Supergirl’s 2016 series began with her battling a Kryptonian who’d slipped out of the Phantom Zone, traditionally an area used as a form of jail on Krypton where people are reduced to disembodied spirits. They can see and hear humanity, but are otherwise ghosts. Supergirl promised Lar-On she’d help him, but doing so means visiting the Phantom Zone herself.

That’s more of a teaser for the later title story, where the Phantom Zone has been repurposed into just another dimension. Now the inhabitants have a solidity, there are buildings, jails even, but Kryptonians lose all their strength. At the centre of everything is a pompous monologuing villain with henchmen. The original Phantom Zone might have been a hokey idea, and its constraints awkward for Steve Orlando’s story, but instead of taking something original and attempting to work with it, he’s reformatted it to something mundane in order that his story works. It’s not the technique of a writer inspired by his subject. Neither are the gratuitously nasty methods used by his ridiculous villain, who melts down Phantom Zone inhabitants to access their residual solar energy. Nice.
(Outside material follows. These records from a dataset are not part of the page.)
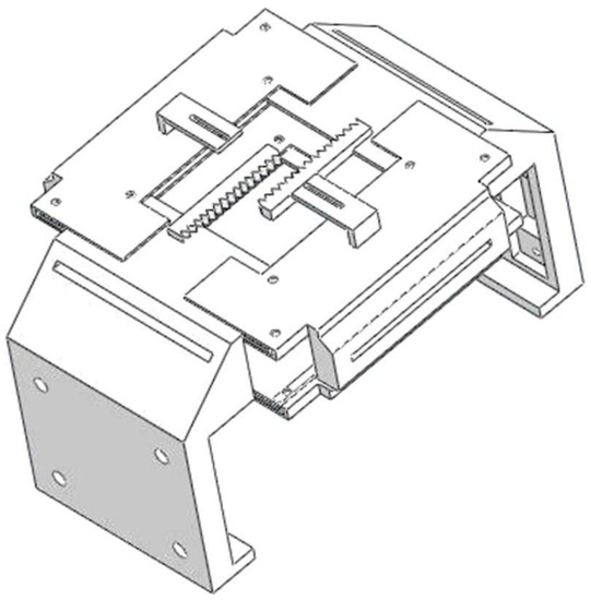 The opening or closing of the gripper is performed through a rack–pinion mechanism connected to a servo motor, where the ratio of linear to angular displacement is 1 cm = rad (if movement occurs only in one direction). In conclusion, the mechanism generates a total linear displacement of 2 cm for each third of a turn of the servomotor.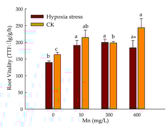The root system is very crucial for the absorption and utilization of water and nutrients by plants. The length, surface area, average diameter, volume, and tips of roots reflect the degree of root development []. The high rhizosphere had dissolved oxygen content (8.0–9.0 mg/L), promoting root growth and development in the split-root system []. In this study, the condition of hypoxia had significantly decreased indexes of plants than ventilation treatment. This is due to inhibition of aerobic respiration of plant cells with an environment of hypoxia, which produced an underdeveloped root system. Coarser and shorter rice roots grown in an environment of poor ventilation was reported by previous study []. This is probably due to the adaptive mechanism of root systems to hypoxia []. The addition of Mn can obviously improve root growth, promoting the elongation, volume, surface area, and number of root tips, but reducing root diameter due to the stresses of hypoxia. The application of Mn could promote root growth via enhancing the absorption of water and nutrients. The root system is an important organ for plant absorption and metabolism. Growth and development of roots directly affects the growth of shoots and leaves. The root activity is a comprehensive index reflecting root absorption function []. In this study, the root activity of P. praecox was reduced due to stresses of hypoxia, which indicated its damage to the root system. Higher root activity is beneficial to maintain function of the root system and plant growth, and to enhance plant resistance during condition of adversity []. In this study, 300 μmol/L Mn2+ treatment increased the root activity of plants, and but decreased root activity with high concentrations. This may be due to the improved resistance of P. praecox to hypoxic stress with application of 300 μmol/L Mn2+. The Mn2+ concentration ranged between 10 and 200 M, which had an improved variability of the root cell, but reversely, the high level of Mn2+ aggravated the existing damage to seedlings of tomato [].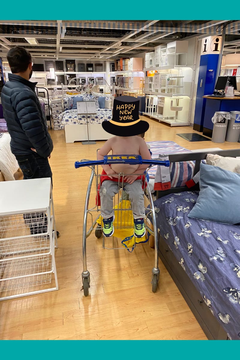 This photo is from the time we went to Ikea on New Year’s Day, and my then-toddler decided to take off his shirt while I was turned around. Because we have about as much control over our toddlers as we do our feelings.

Batgirl is an equal star, but Orlando’s use of her is slapdash and unlikely, the worst example being boasting about having a lock pick her jailers missed when searching her, while simultaneously managing to produce it from her mouth and unlock her chained hands before they can react. It’s not the only example of slapdash writing. A couple of pages later Supergirl refers to herself as Kara, her civilian name, in front of someone who shouldn’t really know that. Still, it seems he wasn’t listening, so that’s okay. Then there’s the use of a relatively benign person becoming enraged and dangerous via a power overdose. Orlando used that in Reign of the Cyborg Supermen. In the final chapter, while Supergirl is pivotal, the majority of the pages feature Batgirl and supporting character Ben Rubel instead, which is unsatisfactory.

As far as the art is concerned, it again has to be asked if Brian Ching’s loose, manga-inspired art is ideally suited to the embodiment of tomorrow. Matias Bergara adopts a similar, although slightly tighter, style for the opening chapters, but the best art here is that of Inaki Miranda. It’s clear and imaginative, with inventive poses and complete backgrounds, which contribute to making the first meeting of Supergirl with Batgirl the best story in this collection. That it’s written by Hope Larson rather than Orlando is no coincidence.

Orlando’s at his best with a cliffhanger to drag us into Girl of No Tomorrow.